Pictures excluded, set down exactly the lines from the one containing "王牧師是神重用的忠僕，早在 1974 的洛桑會議，他連同約" through the final line of the material, and only those.

Supplied data:
.....
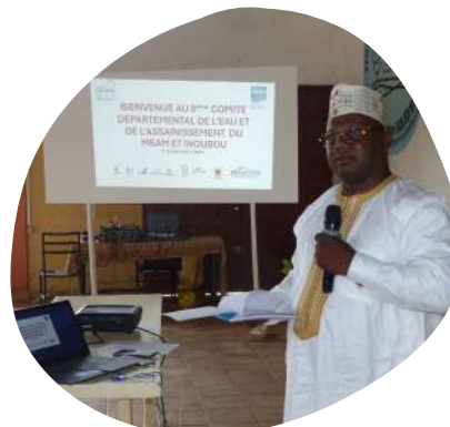
Témoignage du représentant du Syndicat des communes de la Mvila.
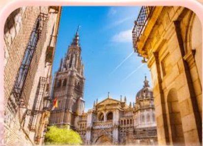
มหาวิหารแห่งโกเอลเด

ซาคราเดาที่ว้ายิ่งใหญ่ ยังไม่ทำใจ...ก็ให้เธอไปหมดแล้ว
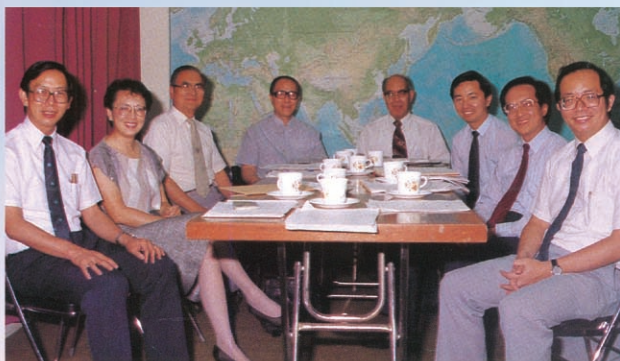
1986年華福董事會主席與常委會

王牧師是神重用的忠僕，早在 1974 的洛桑會議，他連同約 70 位華人教會領袖在會議中，同感領受了向華人教會推動福音遍傳運動，兩年後即 1976 年 8 月舉行首屆華福大會，並於同年成立華福中心，他更受邀
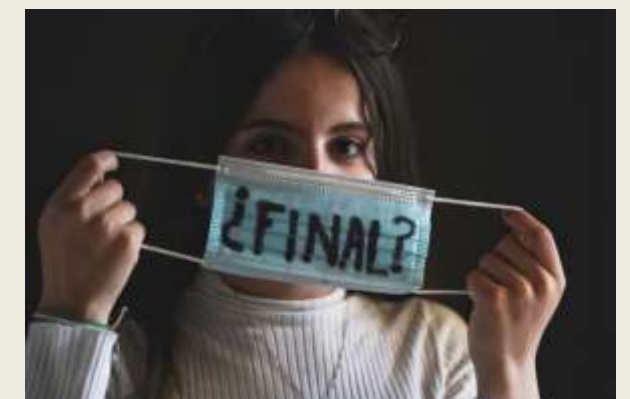
Sin mascarillas en interiores.

Para la semana que viene a lo mejor nos quitamos las mascarillas. Si siguen bajando los casos de covid, a lo mejor nos quitamos las mascarillas en los espacios cerrados, porque afortunadamente está desapareciendo el covid.
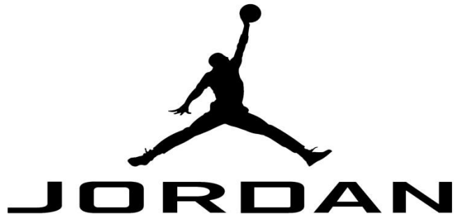
Slika 3. Air Jordan logo
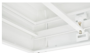
Messrohr innen zur Probenahme für Partikelmessung
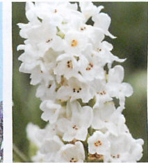
エレガンス スノー
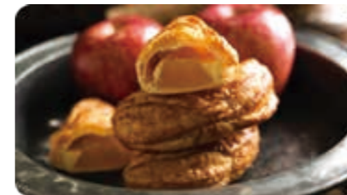
KIBOUのアップルパイ シナモンは使わずに巨理のりんごの風味をしっかり!
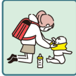
家族に代わり、幼いきょうだいの世話をしている
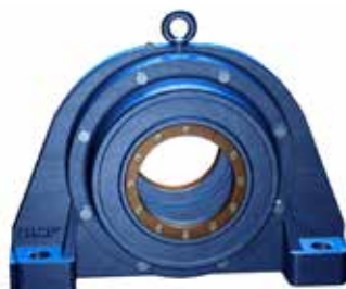
Chumacera de bloque de almohada divididas
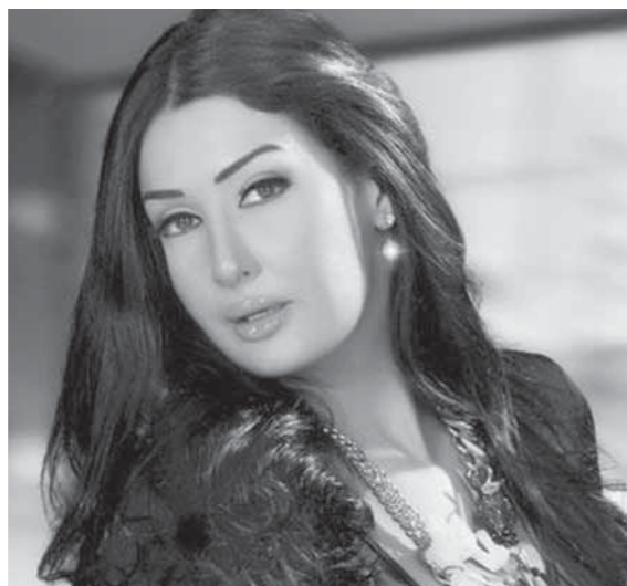
غادة عبد الرزق
.....
Your solution:
王牧師是神重用的忠僕，早在 1974 的洛桑會議，他連同約 70 位華人教會領袖在會議中，同感領受了向華人教會推動福音遍傳運動，兩年後即 1976 年 8 月舉行首屆華福大會，並於同年成立華福中心，他更受邀
Sin mascarillas en interiores.

Para la semana que viene a lo mejor nos quitamos las mascarillas. Si siguen bajando los casos de covid, a lo mejor nos quitamos las mascarillas en los espacios cerrados, porque afortunadamente está desapareciendo el covid.
Slika 3. Air Jordan logo
Messrohr innen zur Probenahme für Partikelmessung
エレガンス スノー
KIBOUのアップルパイ シナモンは使わずに巨理のりんごの風味をしっかり!
家族に代わり、幼いきょうだいの世話をしている
Chumacera de bloque de almohada divididas
غادة عبد الرزق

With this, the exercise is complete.